What to produce.
Output only this range of the data below: the line that contains "豆腐やおから、大豆など豆腐関" through the final line, both ends included, each retyped exactly.
====
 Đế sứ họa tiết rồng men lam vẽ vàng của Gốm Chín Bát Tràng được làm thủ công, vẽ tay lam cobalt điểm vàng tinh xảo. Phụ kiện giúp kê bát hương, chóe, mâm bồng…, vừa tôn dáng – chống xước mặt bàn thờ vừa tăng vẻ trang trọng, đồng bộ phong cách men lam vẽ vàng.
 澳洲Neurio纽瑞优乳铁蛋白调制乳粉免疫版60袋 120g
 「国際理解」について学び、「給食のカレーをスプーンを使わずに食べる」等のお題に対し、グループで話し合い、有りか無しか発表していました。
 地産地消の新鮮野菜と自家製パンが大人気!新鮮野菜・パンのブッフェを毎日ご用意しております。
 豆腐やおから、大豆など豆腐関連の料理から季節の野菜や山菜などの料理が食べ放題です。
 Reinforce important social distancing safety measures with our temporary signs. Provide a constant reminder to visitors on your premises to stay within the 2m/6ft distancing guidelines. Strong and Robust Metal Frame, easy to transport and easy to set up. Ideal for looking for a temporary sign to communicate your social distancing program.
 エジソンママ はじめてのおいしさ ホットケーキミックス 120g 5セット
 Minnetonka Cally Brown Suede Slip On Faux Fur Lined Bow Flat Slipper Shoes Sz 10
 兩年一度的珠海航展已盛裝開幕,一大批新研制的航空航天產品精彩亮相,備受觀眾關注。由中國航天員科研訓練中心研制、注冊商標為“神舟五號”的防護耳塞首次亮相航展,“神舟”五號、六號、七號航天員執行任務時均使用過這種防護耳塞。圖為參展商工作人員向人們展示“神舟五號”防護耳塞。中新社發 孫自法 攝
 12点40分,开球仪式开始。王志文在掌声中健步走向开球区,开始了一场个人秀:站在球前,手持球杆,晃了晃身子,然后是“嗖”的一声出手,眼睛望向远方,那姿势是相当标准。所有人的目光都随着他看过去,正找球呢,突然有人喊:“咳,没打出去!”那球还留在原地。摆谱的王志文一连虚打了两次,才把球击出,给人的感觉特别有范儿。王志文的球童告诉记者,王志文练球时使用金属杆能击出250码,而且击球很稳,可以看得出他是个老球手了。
====
The answer.
 豆腐やおから、大豆など豆腐関連の料理から季節の野菜や山菜などの料理が食べ放題です。
 Reinforce important social distancing safety measures with our temporary signs. Provide a constant reminder to visitors on your premises to stay within the 2m/6ft distancing guidelines. Strong and Robust Metal Frame, easy to transport and easy to set up. Ideal for looking for a temporary sign to communicate your social distancing program.
 エジソンママ はじめてのおいしさ ホットケーキミックス 120g 5セット
 Minnetonka Cally Brown Suede Slip On Faux Fur Lined Bow Flat Slipper Shoes Sz 10
 兩年一度的珠海航展已盛裝開幕,一大批新研制的航空航天產品精彩亮相,備受觀眾關注。由中國航天員科研訓練中心研制、注冊商標為“神舟五號”的防護耳塞首次亮相航展,“神舟”五號、六號、七號航天員執行任務時均使用過這種防護耳塞。圖為參展商工作人員向人們展示“神舟五號”防護耳塞。中新社發 孫自法 攝
 12点40分,开球仪式开始。王志文在掌声中健步走向开球区,开始了一场个人秀:站在球前,手持球杆,晃了晃身子,然后是“嗖”的一声出手,眼睛望向远方,那姿势是相当标准。所有人的目光都随着他看过去,正找球呢,突然有人喊:“咳,没打出去!”那球还留在原地。摆谱的王志文一连虚打了两次,才把球击出,给人的感觉特别有范儿。王志文的球童告诉记者,王志文练球时使用金属杆能击出250码,而且击球很稳,可以看得出他是个老球手了。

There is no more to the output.